The Pittsburgh Press (September 13, 1944)
Close contest in presidential race foreseen
Both parties feel trend is favorable
By Lyle C. Wilson, United Press staff writer
Washington (UP) –
The best bet as the political campaign accelerates today is that the presidential election will be a close contest for popular votes.
Political events in Maine, Texas and Ohio variously comforted Democrats and Republicans but without producing conclusive evidence of a national trend either way.

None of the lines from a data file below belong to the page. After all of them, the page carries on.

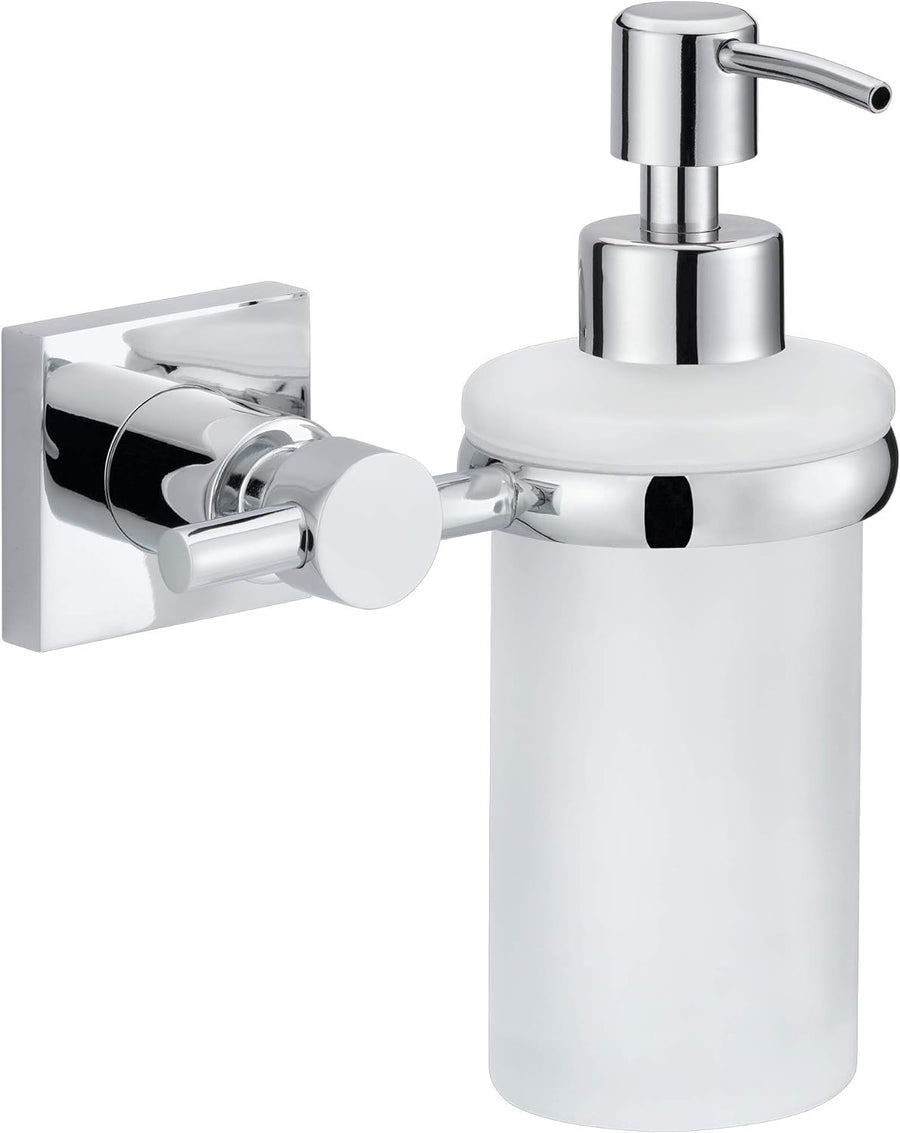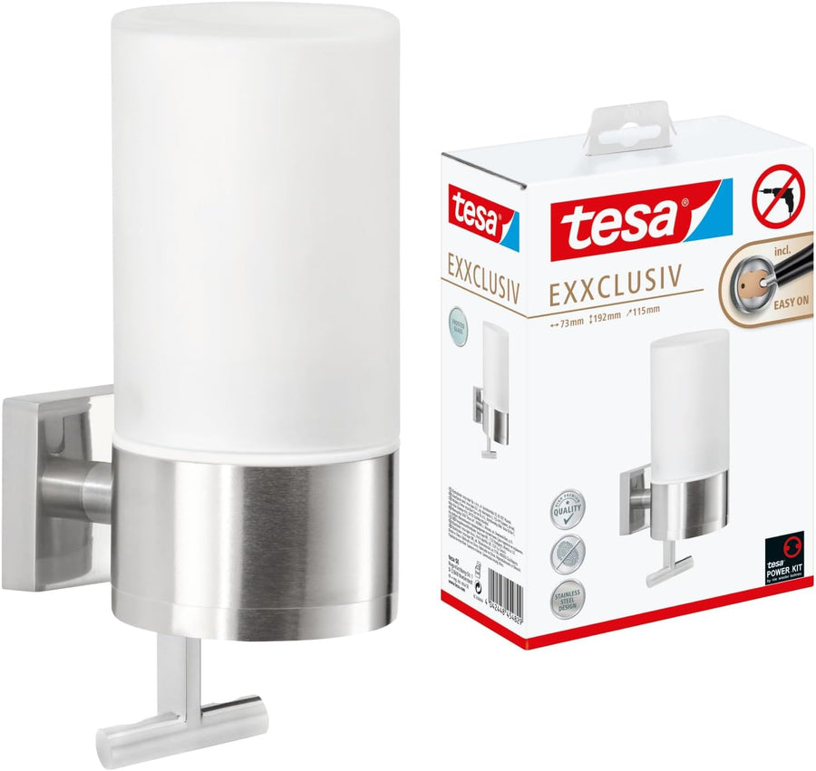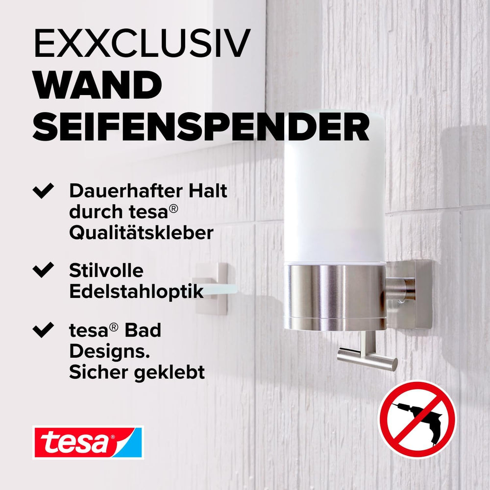 tesa EXXCELLENT Seifenspender-Set, Milchglas und verchromtes Metall - Flüssigseifenspender zur Wandb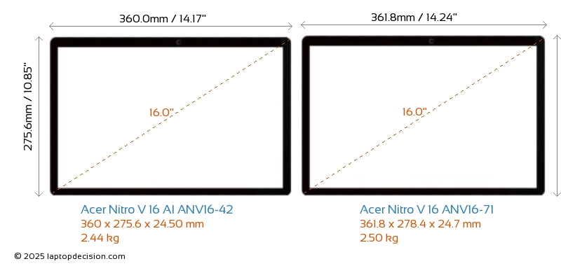 Wifi Nitro V 16 AI ANV16-42 features a more advanced Wi-Fi standard v6E, providing faster and more reliable wireless connections compared to Nitro V 16 ANV16-71 (v6).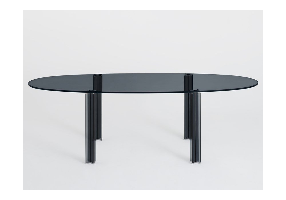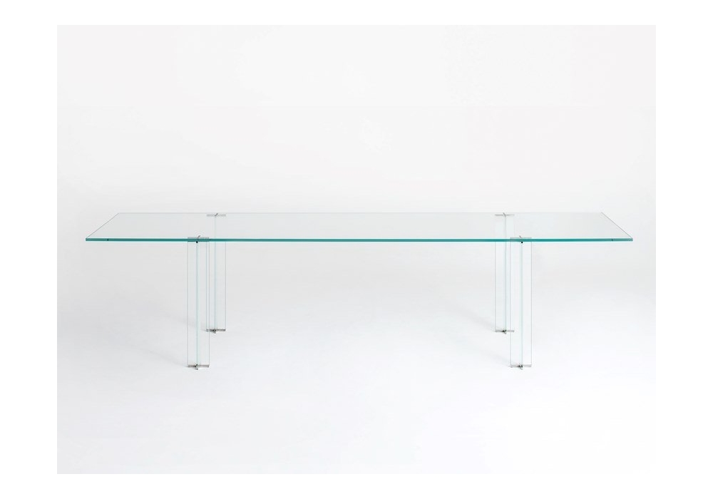 X-T conçue par Piero Lissoni pour Glas Italia est une table haute de forme carrée, ronde, ovale ou rectangulaire avec plateau en verre transparent extralight mm 15, ou en verre fumé ou bleu en pâte stratifiée 8 + 8 mm. Les pieds, en verre trempé extra-clair, fumé ou bleu de 10 mm, collés aux UV, sont amovibles et fixés au plateau au moyen de paires de plaques sophistiquées, en acier inoxydable poli miroir. par quatre pieds en acier inoxydable poli miroir, parfaitement intégrés à la forme des jambes.Disponible en différentes tailles.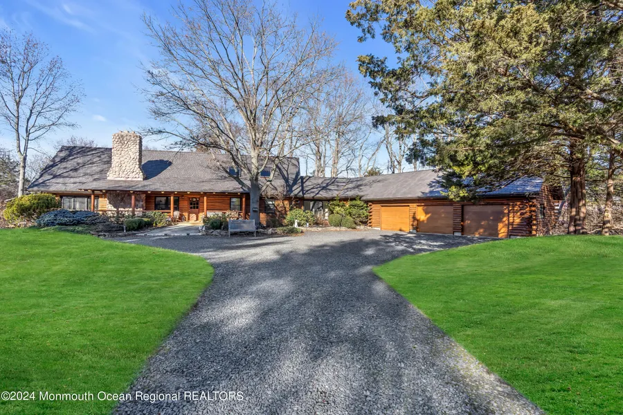 3.4 Acre ESTATE with Custom-built Log Home and SHORE RETREAT. 5-minute drive to the BEACH. Gunite HEATED SALTWATER LAP POOL with custom flagstone patio, Long Winding Private Driveway leading to your own Nature Reserve and Romantic SUNRISE front porch. 28-Foot SOARING Ceiling GREAT ROOM warmed by a RIVER ROCK Fireplace. OPEN FLOOR PLAN provides tons of natural light in this 3000 sq ft 5 BD / 3 BA EXPANDED RANCH, plus FULL 10-Foot Ceiling Basement. Perfect Layout with 2 Primary En-Suites: Main Level with Private Patio; Second Level with balcony overlooking the lush property. You deserve this LIFESTYLE!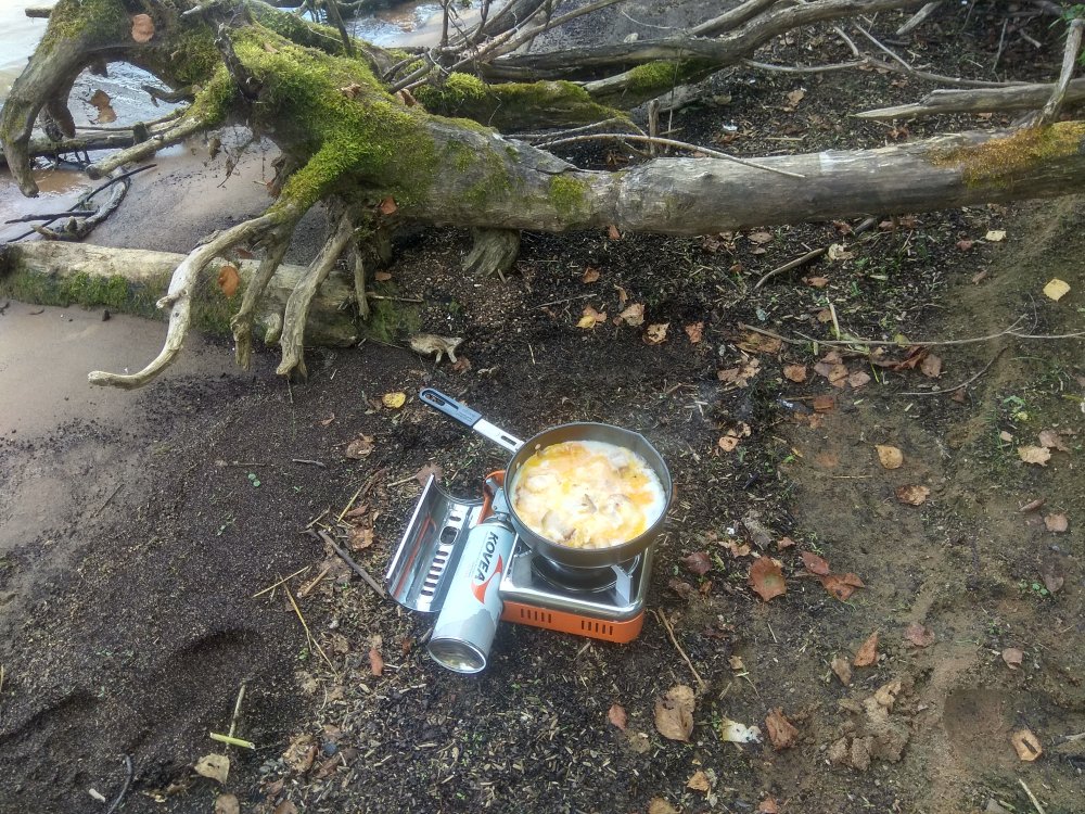 Погода сказочная. Причалил к берегу днём , пожарил яишенку , красота ! Теперь есть куда и горелку и посуду класть . Рыбочиску даже подключил и рыбу почистил .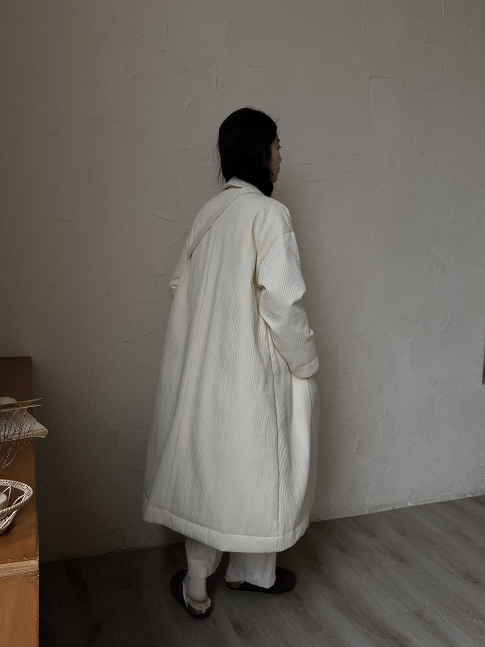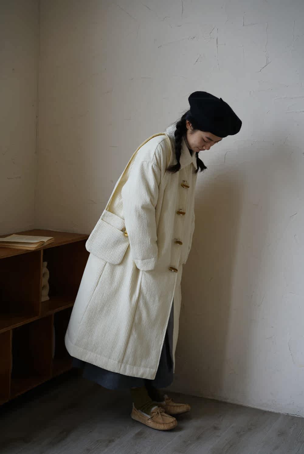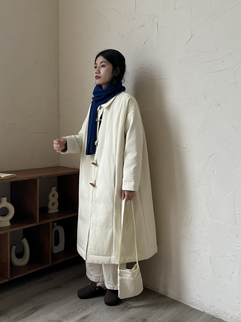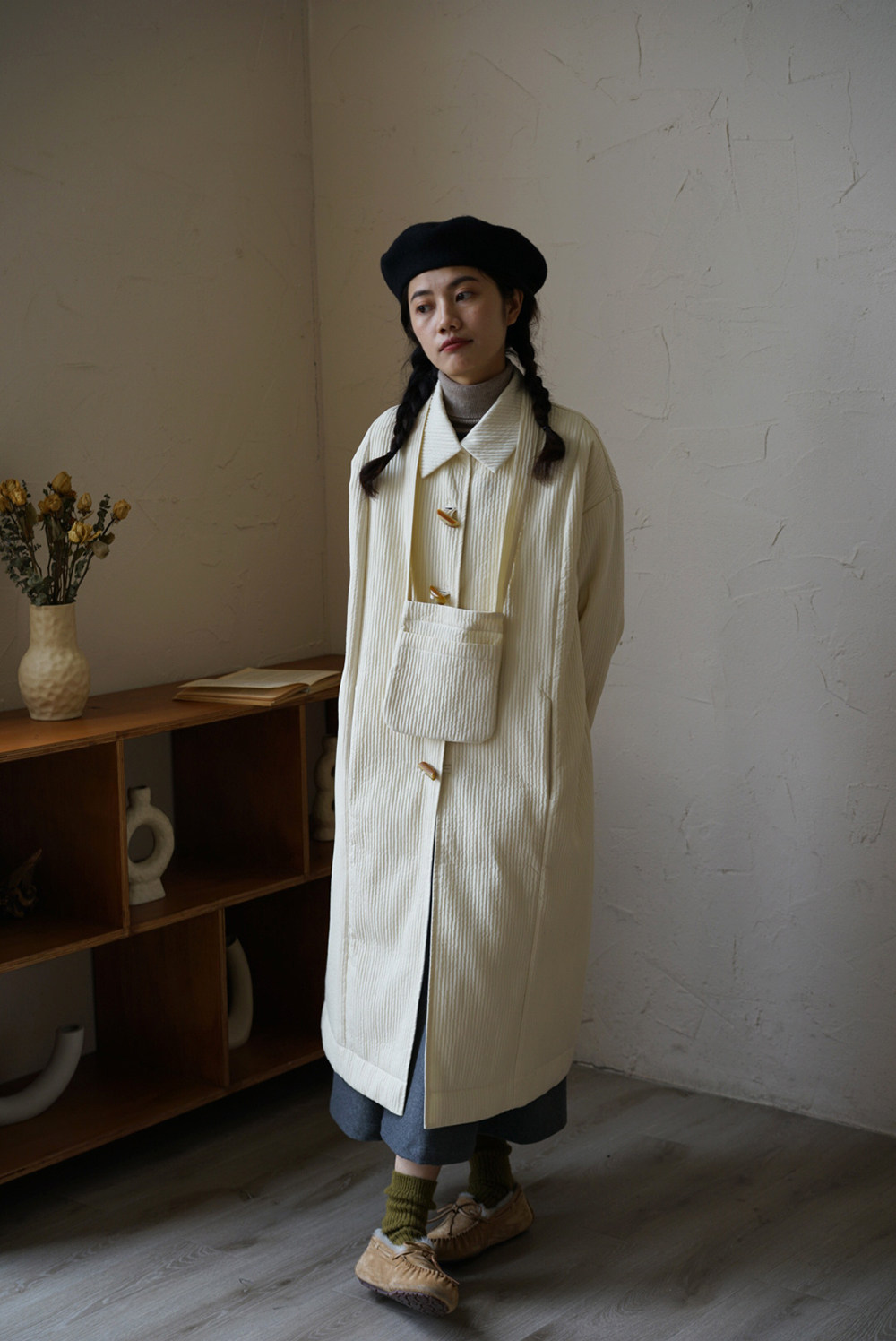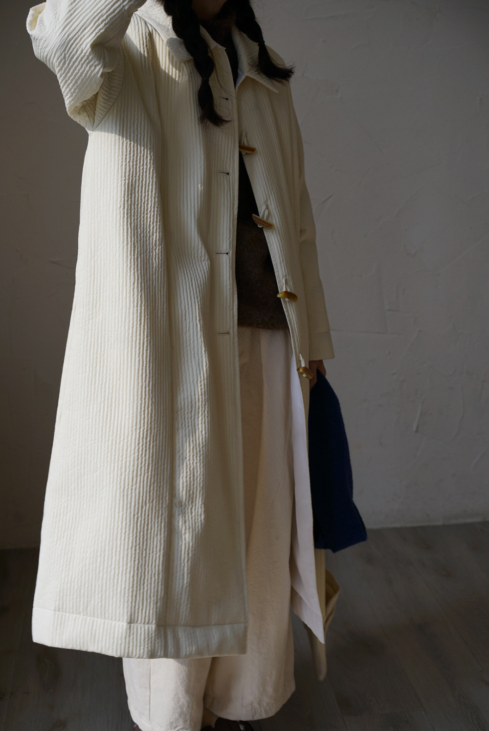 Зимний сливочный пуховик, средней длины

Maine’s jump-the-gun state election yesterday gave the Republican gubernatorial candidate 73 percent of the vote and a plurality of 80,000, the largest in recent state records. Democrats will find some offset in the fact that only 185,000 or so voters of approximately 350,000 registrants went to the polls. But the returns seem to make the state safe for Governor Thomas E. Dewey, the GOP presidential candidate.
If these indications of a close contest are accurate, Mr. Dewey should run better this year than Wendell L. Willkie ran in 1940. Mr. Roosevelt beat Mr. Willkie by 27,243,000 votes to 22,304,000. In 1936, he took GOP candidate Alf M. Landon, 27,576,000 to 16,679,000 votes. Mr. Hoover lost to Mr. Roosevelt in 1932 by 15,761,000 to 22,821,000.